DATA FOR THIS EXERCISE →
———

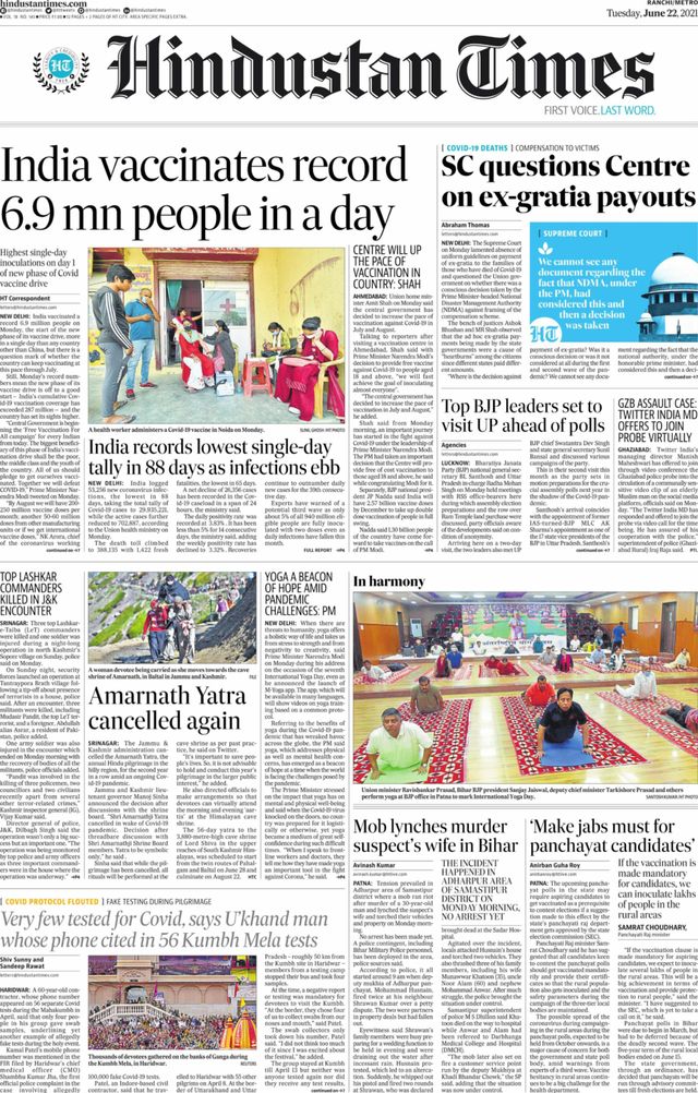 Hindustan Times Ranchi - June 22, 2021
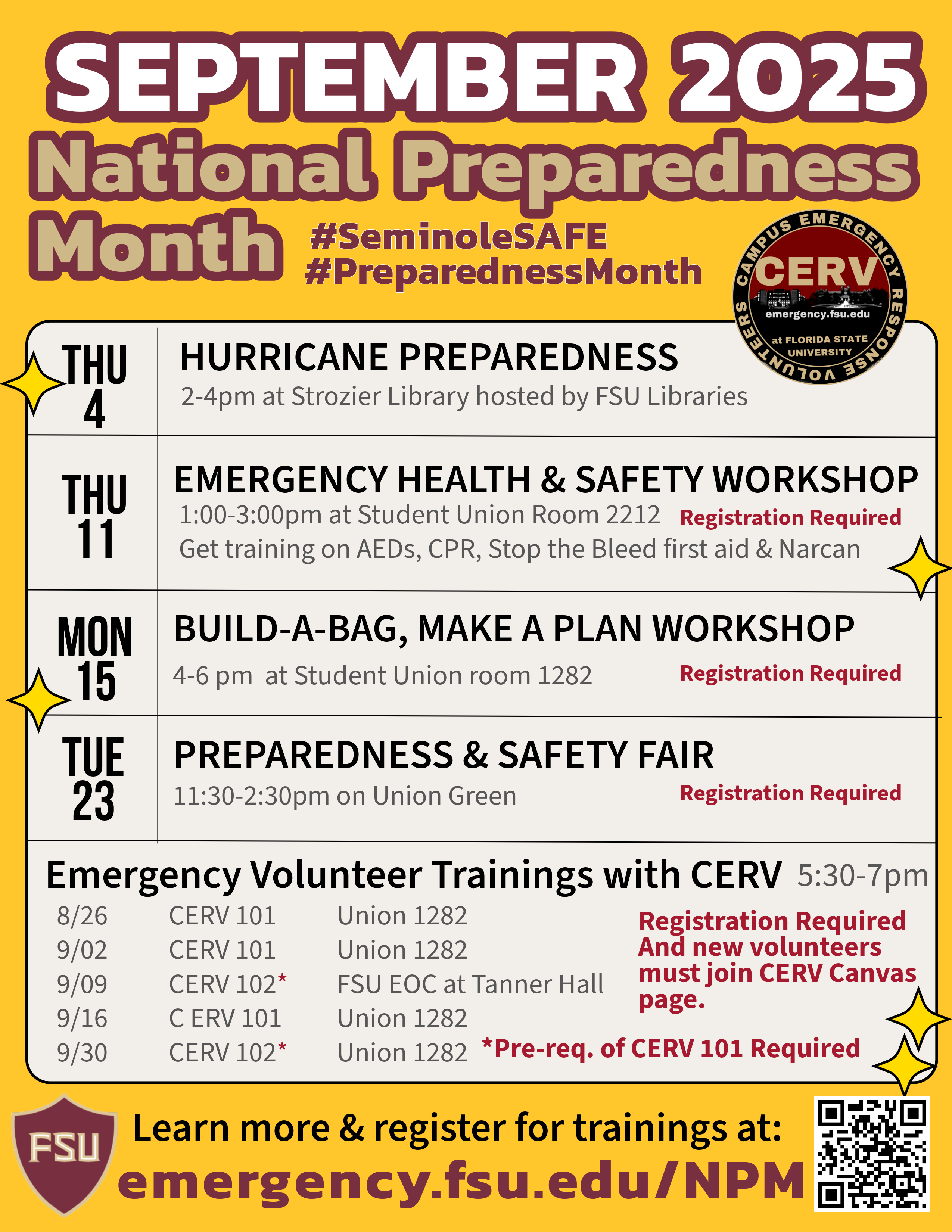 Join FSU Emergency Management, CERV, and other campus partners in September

———

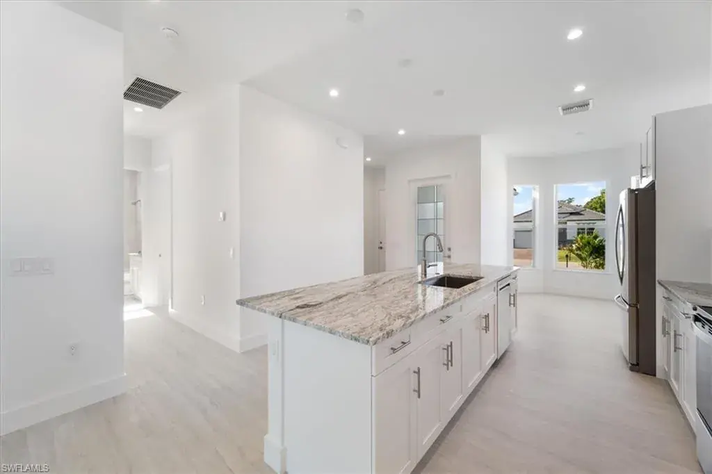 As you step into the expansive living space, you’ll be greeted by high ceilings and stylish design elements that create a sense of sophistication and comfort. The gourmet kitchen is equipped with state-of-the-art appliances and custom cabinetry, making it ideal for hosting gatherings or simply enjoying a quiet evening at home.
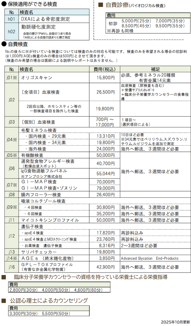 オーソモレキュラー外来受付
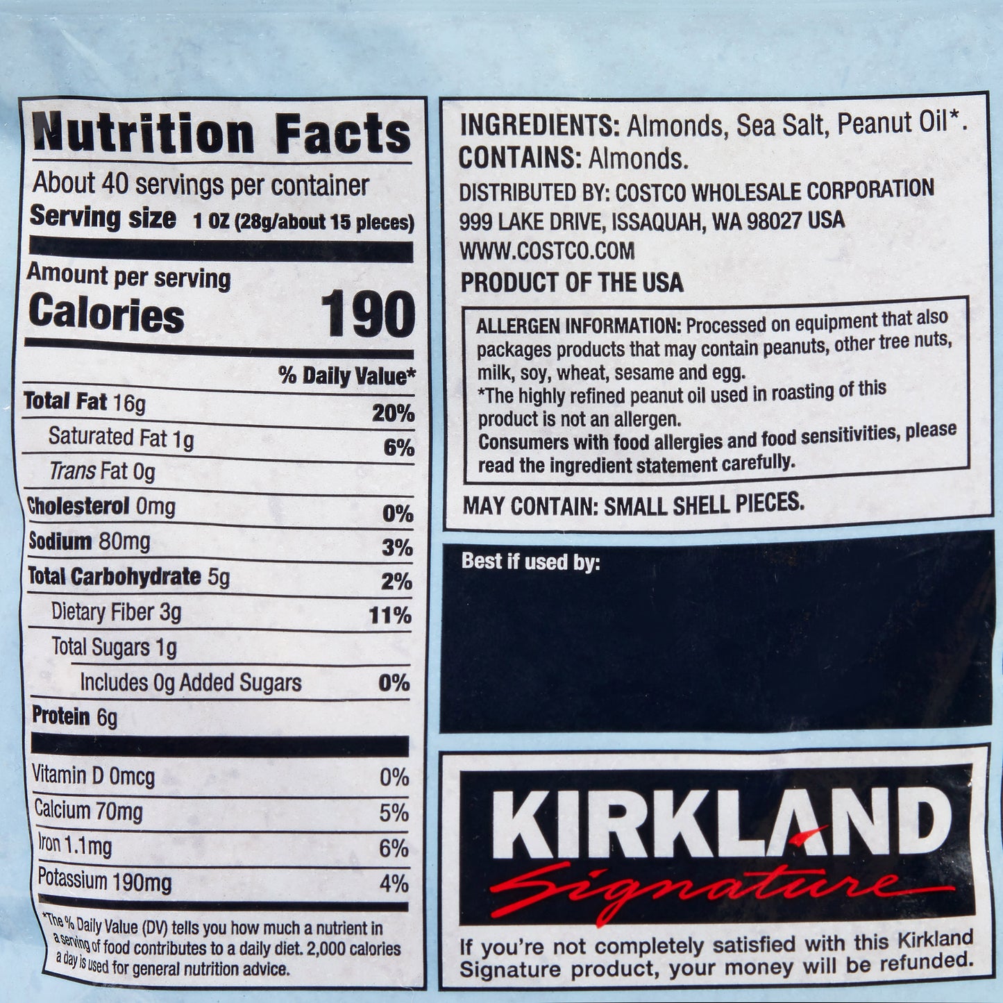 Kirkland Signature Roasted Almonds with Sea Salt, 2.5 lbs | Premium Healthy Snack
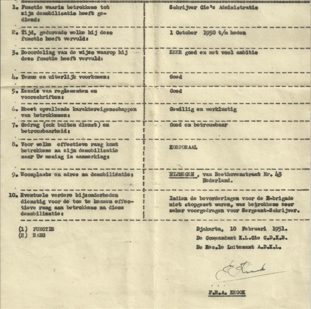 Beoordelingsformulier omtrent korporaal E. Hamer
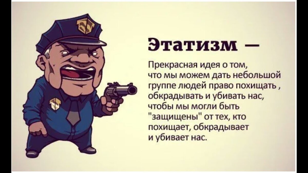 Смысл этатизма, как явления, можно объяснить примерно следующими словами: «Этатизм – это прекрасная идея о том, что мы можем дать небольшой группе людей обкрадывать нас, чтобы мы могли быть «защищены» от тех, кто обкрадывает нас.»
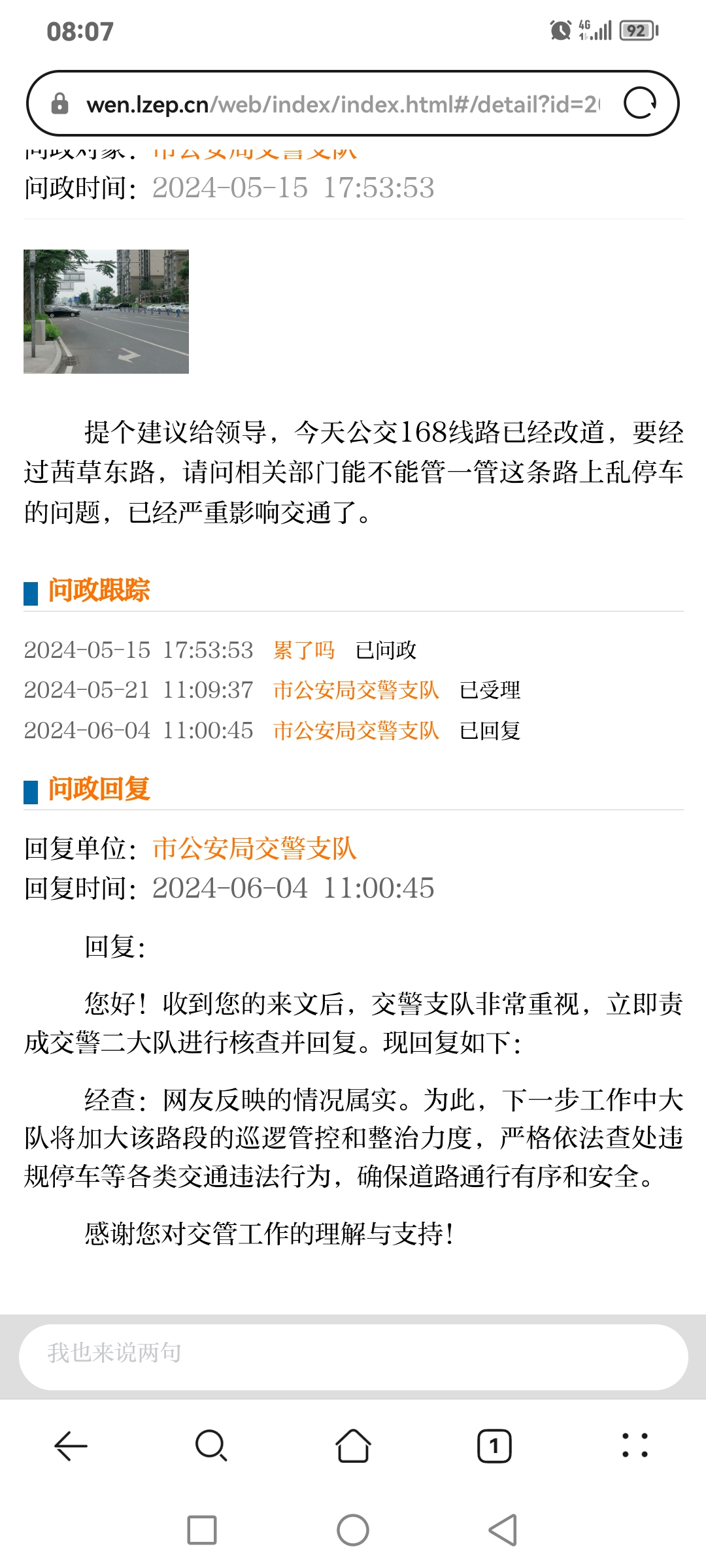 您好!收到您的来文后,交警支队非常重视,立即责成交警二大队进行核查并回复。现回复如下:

———

WHAT YOU HAVE TO DO → In the data above, find the line containing "Kirkland Signature Roasted" and the line containing "您好!收到您的来文后,交警支". Copy exactly the stretch from the first through the second, both included, leaving out any picture.

RESULT →
 Kirkland Signature Roasted Almonds with Sea Salt, 2.5 lbs | Premium Healthy Snack
 Beoordelingsformulier omtrent korporaal E. Hamer
 Смысл этатизма, как явления, можно объяснить примерно следующими словами: «Этатизм – это прекрасная идея о том, что мы можем дать небольшой группе людей обкрадывать нас, чтобы мы могли быть «защищены» от тех, кто обкрадывает нас.»
 您好!收到您的来文后,交警支队非常重视,立即责成交警二大队进行核查并回复。现回复如下:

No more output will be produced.